Provided material:
== Segment start ==
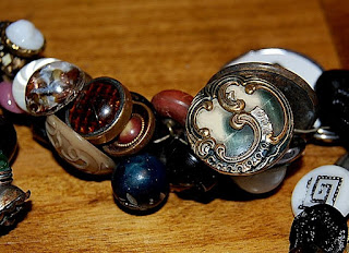 A string of approximately 315 antique and vintage buttons tied in a loop purchased May 15, 2015 Wichita, KS. The buttons are mostly small to diminutive in size but there are some medium and a couple large size buttons on the string as well. The touch button is a brass woman’s head followed by a green and cream celluloid set in brass, a Deknatel black glass castle button, a clambroth glass set in brass button, then white glass, black glass, vegetable ivory ball, brass with black glass center, composition ball with silver inlay design, brass with celluloid insets, 2-3 different caramel Victorian glass buttons, small brass buttons with painted designs and cut steels, paperweights, carved MOP, original blue tint on brass, milk glass Jenny Lind waistcoat, faceted luster ball, precision inlay star-shaped mirror set in black glass, fabric set in brass, imitation fabric black glass spindle, Poppers in all shapes and colors, foil in glass, pink glass oval with white cameo head, waistcoats, charmstring glass, yellow and blue glass, dimi brass with paste, abalone, metal with black stripes, black glass with gold design, metal with abalone, multicolored molded glass, 7-8 small enamels, brass with four pastes inset, clear glass, lavender glass, MOP set in brass, painted brass, medium woven fabric in a stamped brass border, turquoise Victorian glass, reverse painted, brass ball, small brass picture button of chariot with self shank, Czech/Bohemian glass, metal with glass inset diamond shaped, spindle possibly Venetian glass?, Radiant, dewdrop, small paperweight with rose, prong set pastes in metal– 7 stones, glass cat eye with thin wire shank, tiny teddy bear eye with thin wire shank, dimi brass shaped, matte black glass, various tiny glass beads and metal charms including an anchor, yellow slag glass, molded glass in brass drum, 1904 metal teddy bear button with blue background, black glass with silver luster crescent moon, black cone with tip glass tip, enamel with roses with red pastes border, steel ball, white Victorian glass, glass set in brass,, black glass with enamel, white metal knot, brass with MOP inset, blue enamel spindle, brass with gold stone disk, black glass with blue luster, ruby glass with design, Aristocrat, milk glass dome, enameled hexagn with turquoise bead border, kaleidoscope with black and white design, brass coin button, small metals, small brass wth glass, large painted brass, lithograph of St Bernard dog head in gold drum.
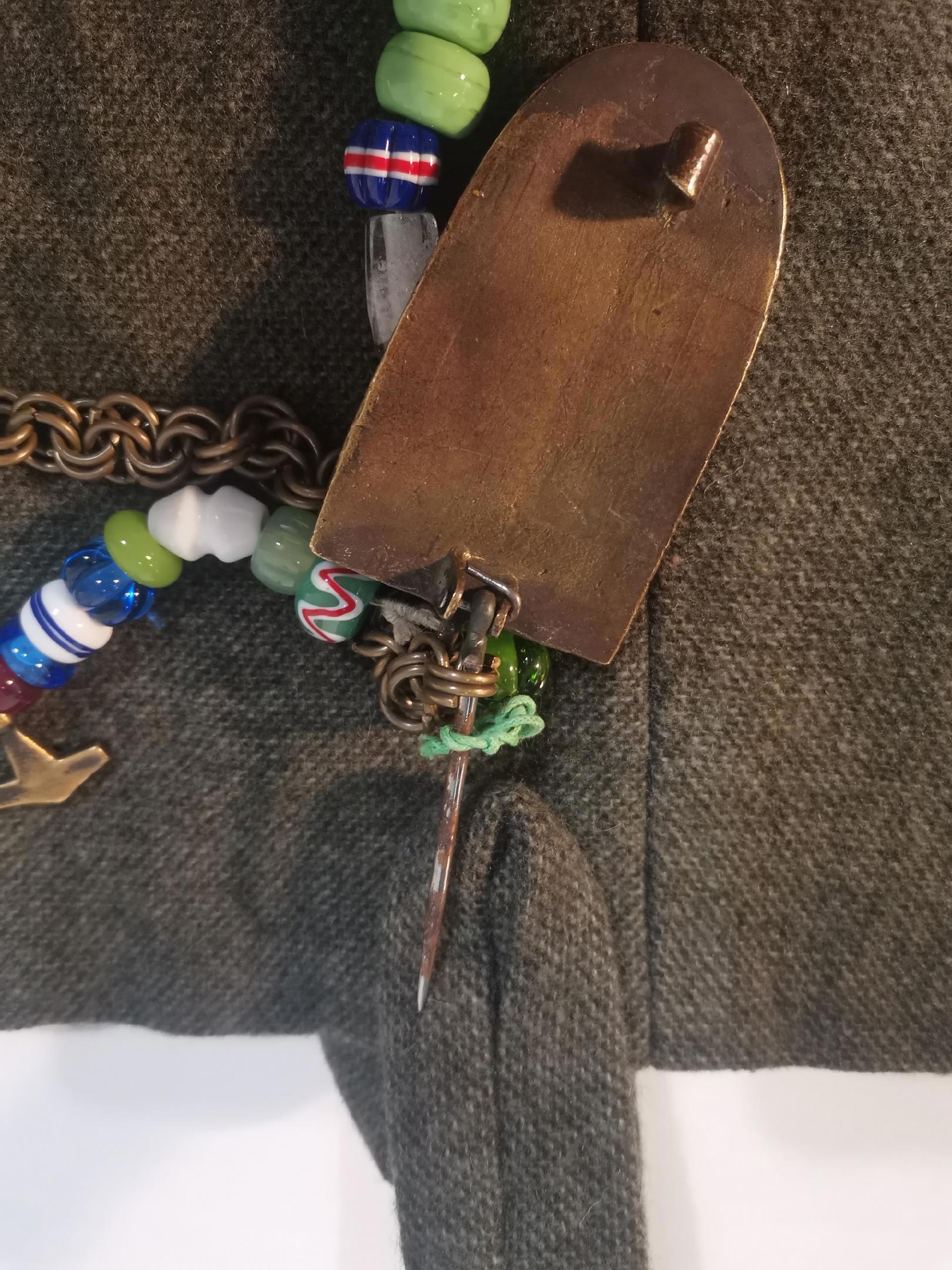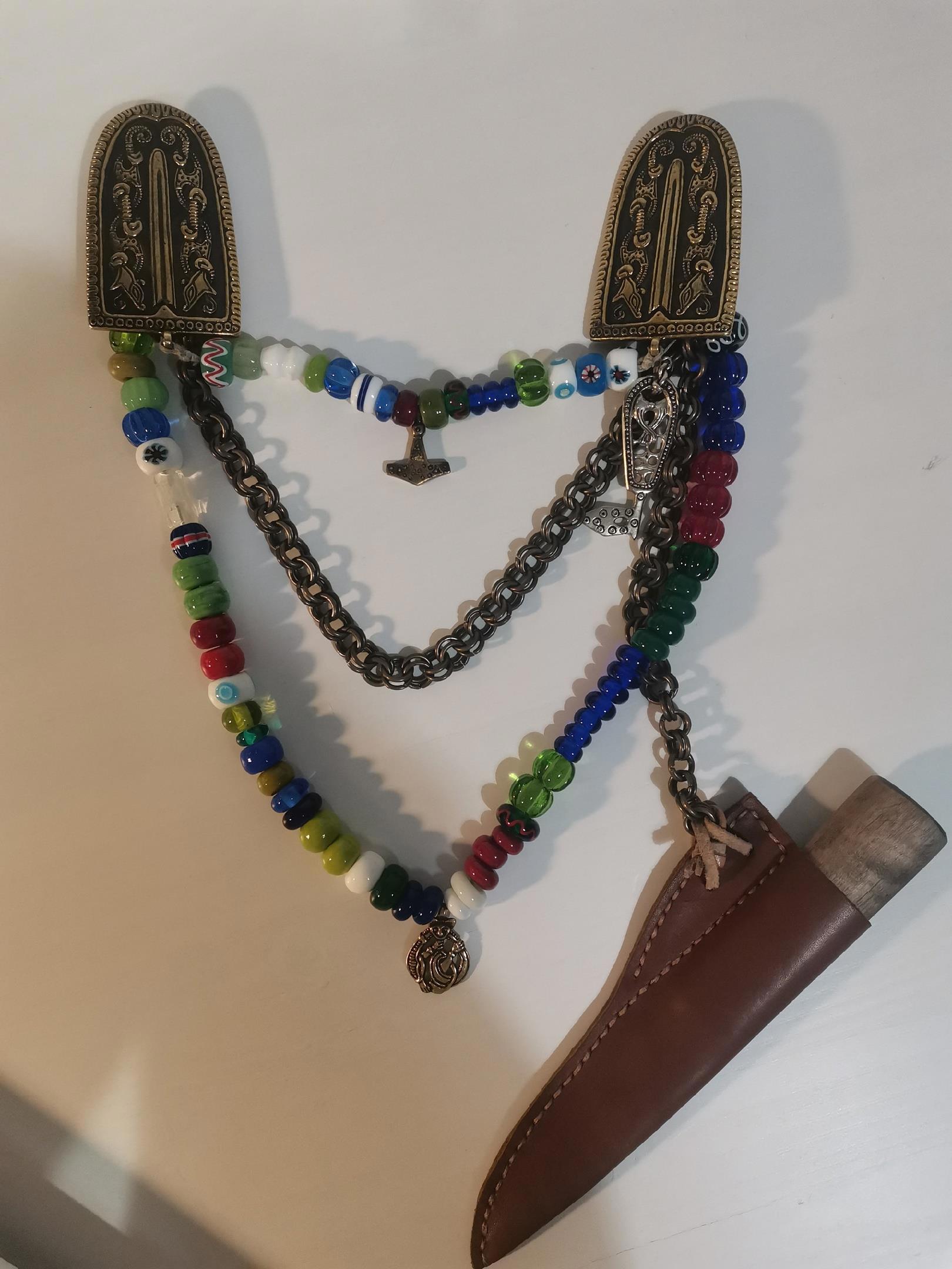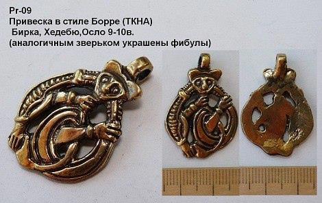 Дальше мы видим цепь (ношение таких цепей характерно для Норвегии эпохи викингов), две нитки стеклянных бус (реконструкция бус на Норвегию по археологическим находкам). Картинки находок у меня есть, но их много, приводить здесь не буду. Две привески: молот Тора (на Норвегию X-XI вв.) и привеска в виде хватающегося зверя в стиле Борре (такие привески находили в Норвегии, Хедебю (Дания), Бирке (Швеция), IX-X вв.):
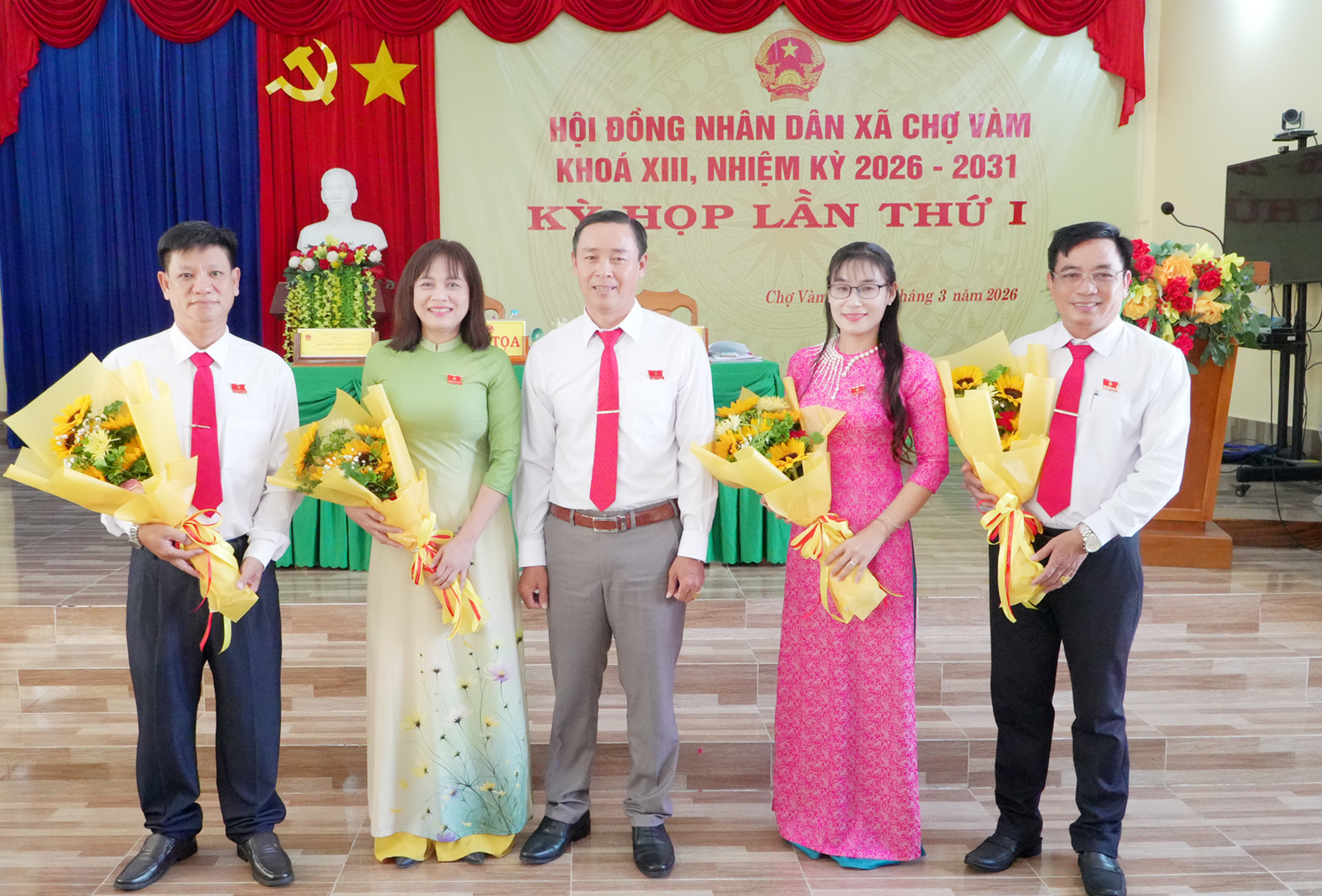 Tặng hoa chúc mừng Chủ tịch HĐND, Phó Chủ tịch HĐND và Trưởng các Ban HĐND xã Chợ Vàm khóa XIII, nhiệm kỳ 2026 - 2031.
== Segment end ==
What you need to do: Retype only the lines from the line with "Дальше мы видим" through the last line of the data. Keep both ends and skip the pictures.

Task solution:
 Дальше мы видим цепь (ношение таких цепей характерно для Норвегии эпохи викингов), две нитки стеклянных бус (реконструкция бус на Норвегию по археологическим находкам). Картинки находок у меня есть, но их много, приводить здесь не буду. Две привески: молот Тора (на Норвегию X-XI вв.) и привеска в виде хватающегося зверя в стиле Борре (такие привески находили в Норвегии, Хедебю (Дания), Бирке (Швеция), IX-X вв.):
 Tặng hoa chúc mừng Chủ tịch HĐND, Phó Chủ tịch HĐND và Trưởng các Ban HĐND xã Chợ Vàm khóa XIII, nhiệm kỳ 2026 - 2031.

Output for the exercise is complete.